__DATASET EXCERPTS__
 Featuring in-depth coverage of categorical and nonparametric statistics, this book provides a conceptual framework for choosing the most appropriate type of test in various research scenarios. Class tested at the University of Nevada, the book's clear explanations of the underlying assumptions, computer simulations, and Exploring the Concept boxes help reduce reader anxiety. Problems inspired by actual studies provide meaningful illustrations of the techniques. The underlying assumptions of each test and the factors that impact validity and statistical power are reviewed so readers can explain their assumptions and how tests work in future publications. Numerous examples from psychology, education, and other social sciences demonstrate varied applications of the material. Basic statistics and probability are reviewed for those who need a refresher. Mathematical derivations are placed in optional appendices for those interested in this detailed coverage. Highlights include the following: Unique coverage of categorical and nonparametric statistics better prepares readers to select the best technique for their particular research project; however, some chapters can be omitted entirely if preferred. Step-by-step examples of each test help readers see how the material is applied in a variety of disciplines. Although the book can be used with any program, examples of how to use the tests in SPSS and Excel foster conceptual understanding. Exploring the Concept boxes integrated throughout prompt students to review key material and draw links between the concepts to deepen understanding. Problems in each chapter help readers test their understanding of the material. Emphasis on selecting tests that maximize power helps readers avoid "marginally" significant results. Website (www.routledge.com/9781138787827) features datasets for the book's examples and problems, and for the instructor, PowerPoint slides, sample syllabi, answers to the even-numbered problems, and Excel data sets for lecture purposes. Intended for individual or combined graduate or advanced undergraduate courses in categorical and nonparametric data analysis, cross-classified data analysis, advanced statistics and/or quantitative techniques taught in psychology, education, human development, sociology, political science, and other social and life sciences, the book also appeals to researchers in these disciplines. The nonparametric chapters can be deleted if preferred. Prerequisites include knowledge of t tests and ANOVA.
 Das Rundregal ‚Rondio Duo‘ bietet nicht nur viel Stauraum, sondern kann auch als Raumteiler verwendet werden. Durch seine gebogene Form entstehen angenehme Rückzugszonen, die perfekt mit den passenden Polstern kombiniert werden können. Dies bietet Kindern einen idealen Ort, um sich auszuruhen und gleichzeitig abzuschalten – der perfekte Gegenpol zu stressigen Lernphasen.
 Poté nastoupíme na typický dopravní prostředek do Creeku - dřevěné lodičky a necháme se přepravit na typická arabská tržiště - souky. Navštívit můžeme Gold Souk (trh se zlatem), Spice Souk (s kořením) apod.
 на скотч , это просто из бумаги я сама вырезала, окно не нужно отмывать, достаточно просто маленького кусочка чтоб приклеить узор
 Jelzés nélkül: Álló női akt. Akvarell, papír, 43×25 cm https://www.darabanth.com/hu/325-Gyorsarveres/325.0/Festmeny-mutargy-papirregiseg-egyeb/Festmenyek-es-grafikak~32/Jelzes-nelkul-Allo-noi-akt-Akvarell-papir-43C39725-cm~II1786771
...
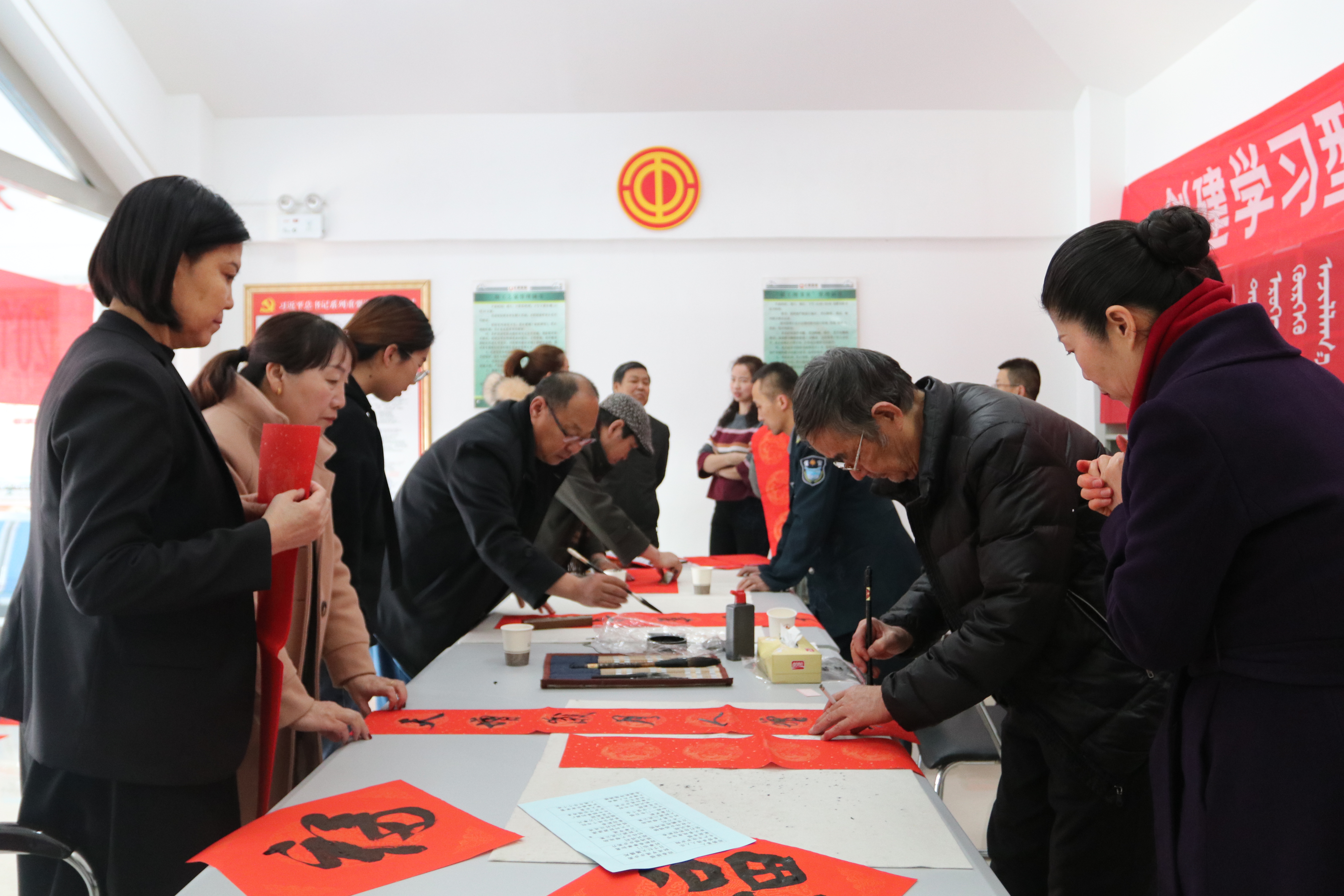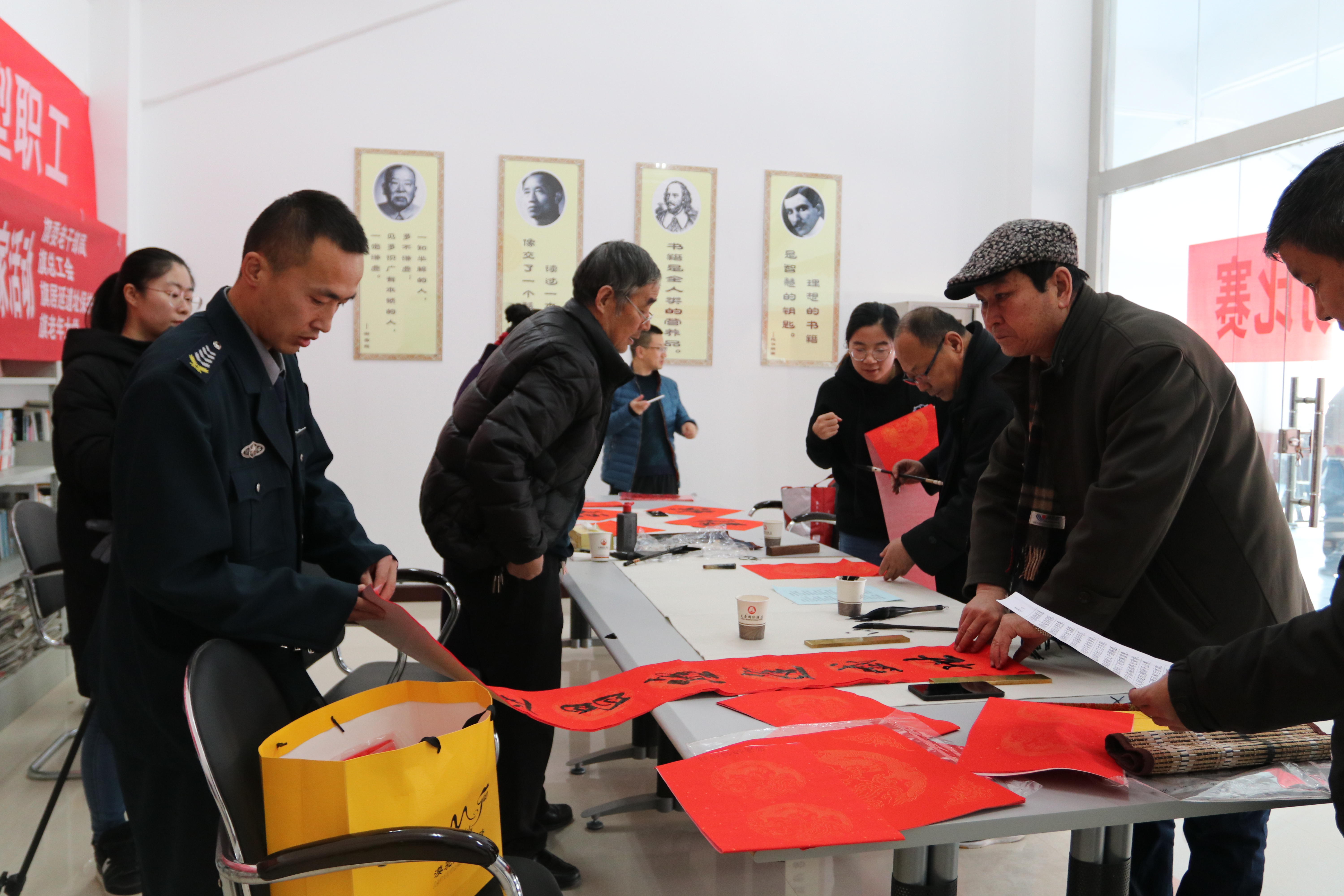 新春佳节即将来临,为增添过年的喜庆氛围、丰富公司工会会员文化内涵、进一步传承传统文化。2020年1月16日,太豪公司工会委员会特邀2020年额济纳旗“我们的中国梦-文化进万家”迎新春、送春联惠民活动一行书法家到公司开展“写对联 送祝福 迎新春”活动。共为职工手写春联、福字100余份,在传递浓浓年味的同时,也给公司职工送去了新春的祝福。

__EXERCISE REQUIREMENTS__
Output the lines of the records above exactly as they appear, from the line containing "Das Rundregal ‚Rondio" through the line containing "Jelzés nélkül: Álló".

__ANSWER AREA__
 Das Rundregal ‚Rondio Duo‘ bietet nicht nur viel Stauraum, sondern kann auch als Raumteiler verwendet werden. Durch seine gebogene Form entstehen angenehme Rückzugszonen, die perfekt mit den passenden Polstern kombiniert werden können. Dies bietet Kindern einen idealen Ort, um sich auszuruhen und gleichzeitig abzuschalten – der perfekte Gegenpol zu stressigen Lernphasen.
 Poté nastoupíme na typický dopravní prostředek do Creeku - dřevěné lodičky a necháme se přepravit na typická arabská tržiště - souky. Navštívit můžeme Gold Souk (trh se zlatem), Spice Souk (s kořením) apod.
 на скотч , это просто из бумаги я сама вырезала, окно не нужно отмывать, достаточно просто маленького кусочка чтоб приклеить узор
 Jelzés nélkül: Álló női akt. Akvarell, papír, 43×25 cm https://www.darabanth.com/hu/325-Gyorsarveres/325.0/Festmeny-mutargy-papirregiseg-egyeb/Festmenyek-es-grafikak~32/Jelzes-nelkul-Allo-noi-akt-Akvarell-papir-43C39725-cm~II1786771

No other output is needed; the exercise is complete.